Brought to you by NumFOCUS Foundation and O’Reilly Media
The official Jupyter Conference
Aug 21-22, 2018: Training
Aug 22-24, 2018: Tutorials & Conference
New York, NY

Advanced data science, part 2: Five ways to handle missing data in Jupyter notebooks

Matt Brems (General Assembly)
3:30pm–5:00pm Wednesday, August 22, 2018
Average rating: *****
(5.00, 2 ratings)

Who is this presentation for?

  • Academics, practitioners, aspiring data scientists, and casual enthusiasts

Prerequisite knowledge

  • Familiarity with linear regression, logistic regression, standard deviation and variance, confidence intervals, and histograms and scatterplots
  • A working knowledge of Jupyter notebooks and Python programming (statsmodels, NumPy, etc.)
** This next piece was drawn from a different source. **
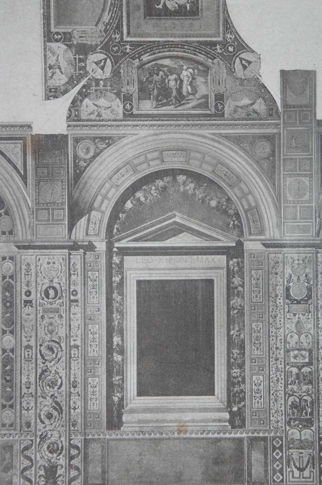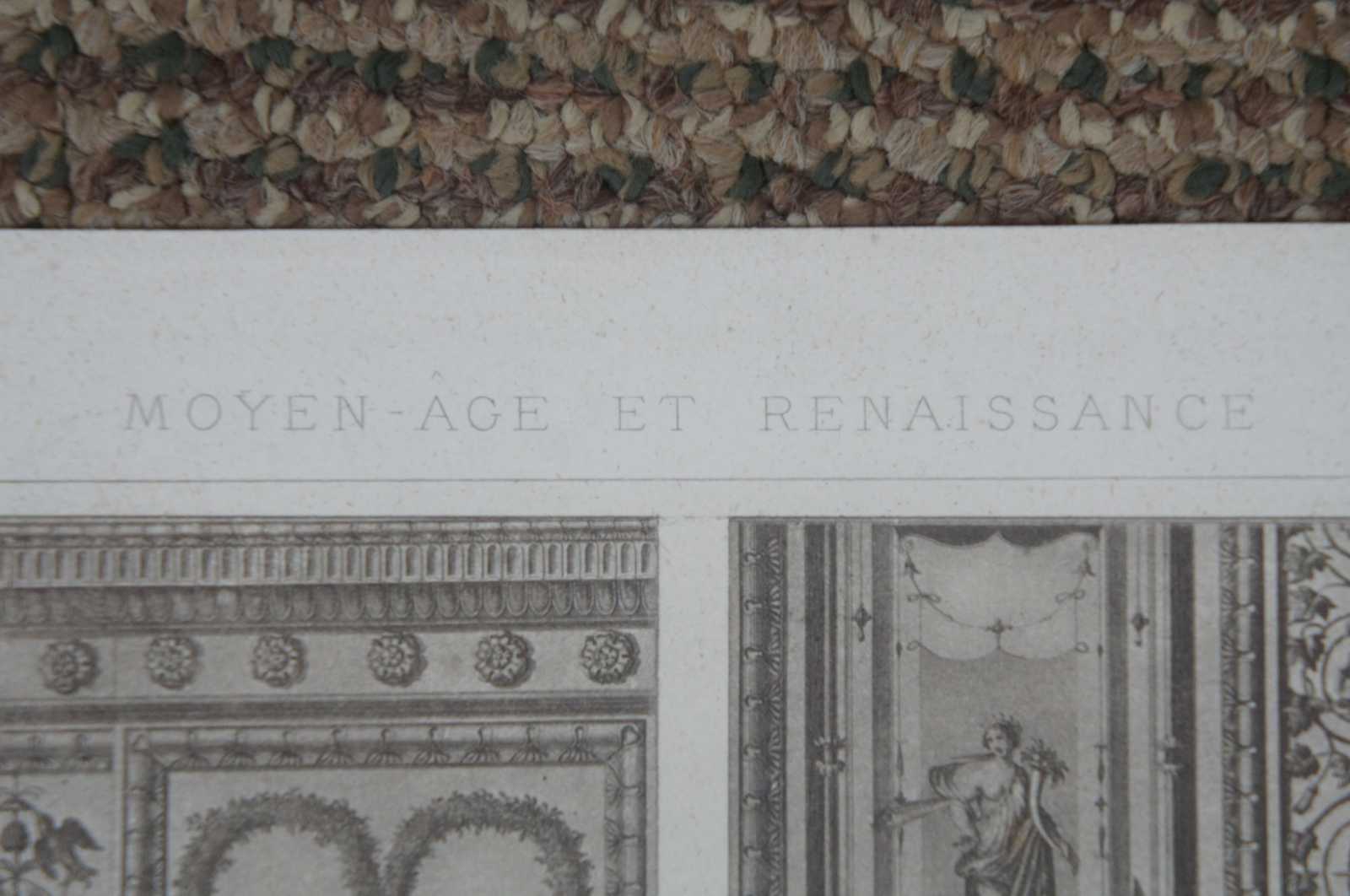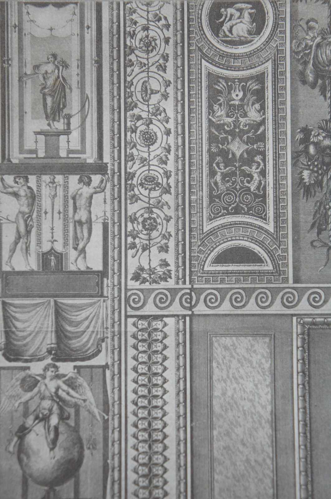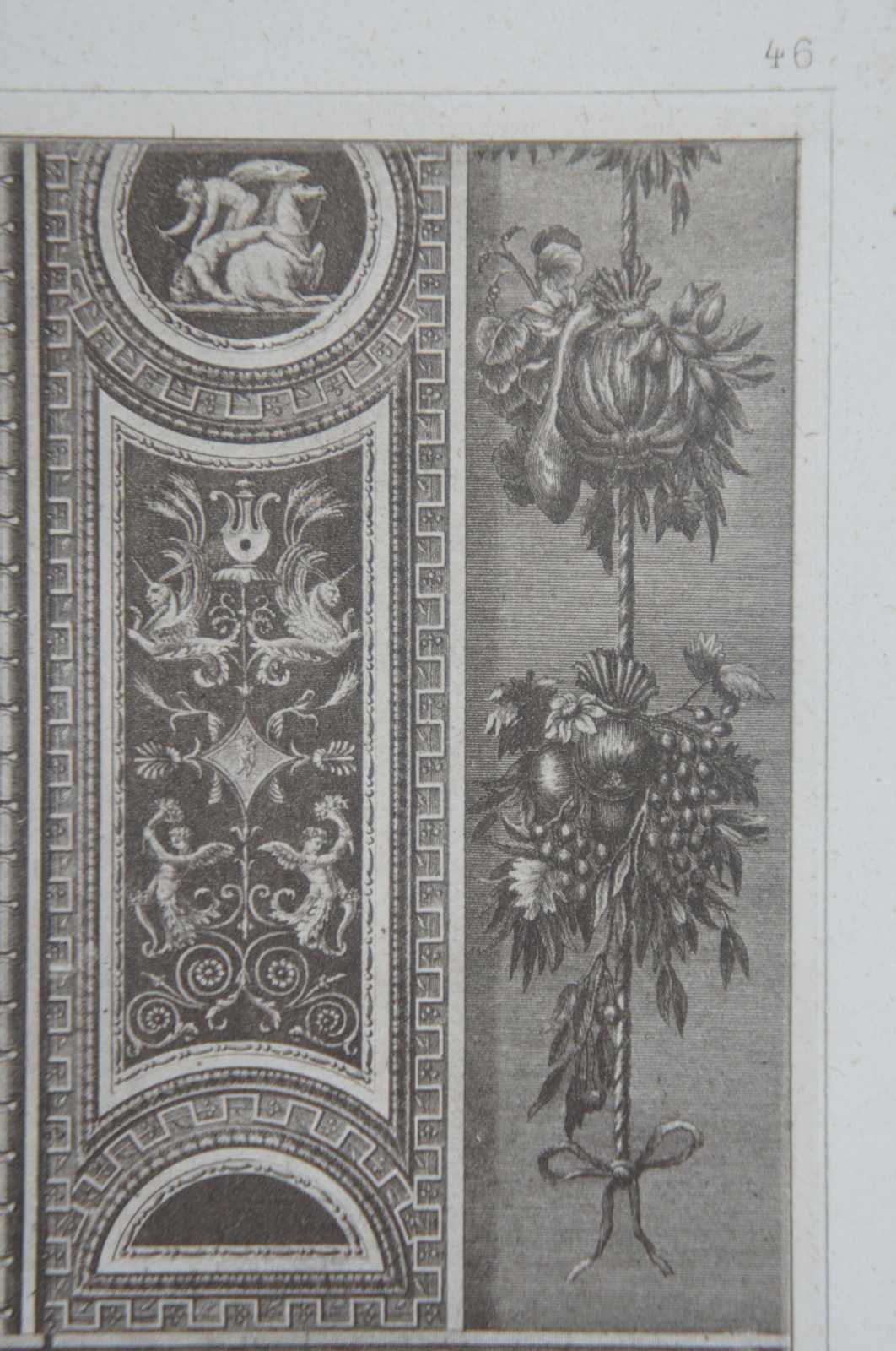 A set according to the drawings of Guadet. Detailed after the engravings of Ottaviani. Reads "Rome Loges de Raphael au Vatican Engraving. Ensemble d'apres les dessins de mt Guadet. Details d'apres les gravures d'ottaviani. Heliogravure Lemercier. Moyen Age Et Renaissance". Features floral motifs, angels, unicorns / narwol figures, nudes, cherubs, other animals, goddesses / figures, architectural designs.

Materials or downloads needed in advance

What you'll learn

  • Understand how to visualize and handle missing data
  • Learn the types of missing data, how to identify them, and how to attempt to fix each
  • Learn how to implement reweighting and imputation methods in Jupyter notebooks

Description

If you work with data, you’ve almost certainly encountered missing data. The most common approaches are to either ignore or drop anything that’s missing, but this can lead to really bad results.

Matt Brems identifies the three types of missing data, explains how bad dropping or ignoring missing data can be, and teaches you how to handle missing data the right way by leveraging Jupyter notebooks to properly reweight or impute your data. Matt focuses on the following techniques: no imputation, deductive imputation, mean, median, and mode imputation, regression imputation, stochastic imputation, and multiply stochastic imputation. You’ll come away with a solid, intuitive understanding of how to handle missing data, practical tips for implementing these techniques, and recommendations for integrating them with your or your company’s workflow.

Photo of Matt Brems

Matt Brems

General Assembly

Matt currently leads instruction for General Assembly’s Data Science Immersive in Washington, DC, where he helps bridge the gap between theoretical statistics and real-world insights. Matt is passionate about making data science more accessible and putting the revolutionary power of machine learning into the hands of as many people as possible. A recovering politico, Matt was a data scientist for a political consulting firm through the 2016 election. He holds a master’s degree in statistics from the Ohio State University. When he isn’t teaching, he’s thinking about how to be a better teacher, falling asleep to Netflix, or cuddling with his pug.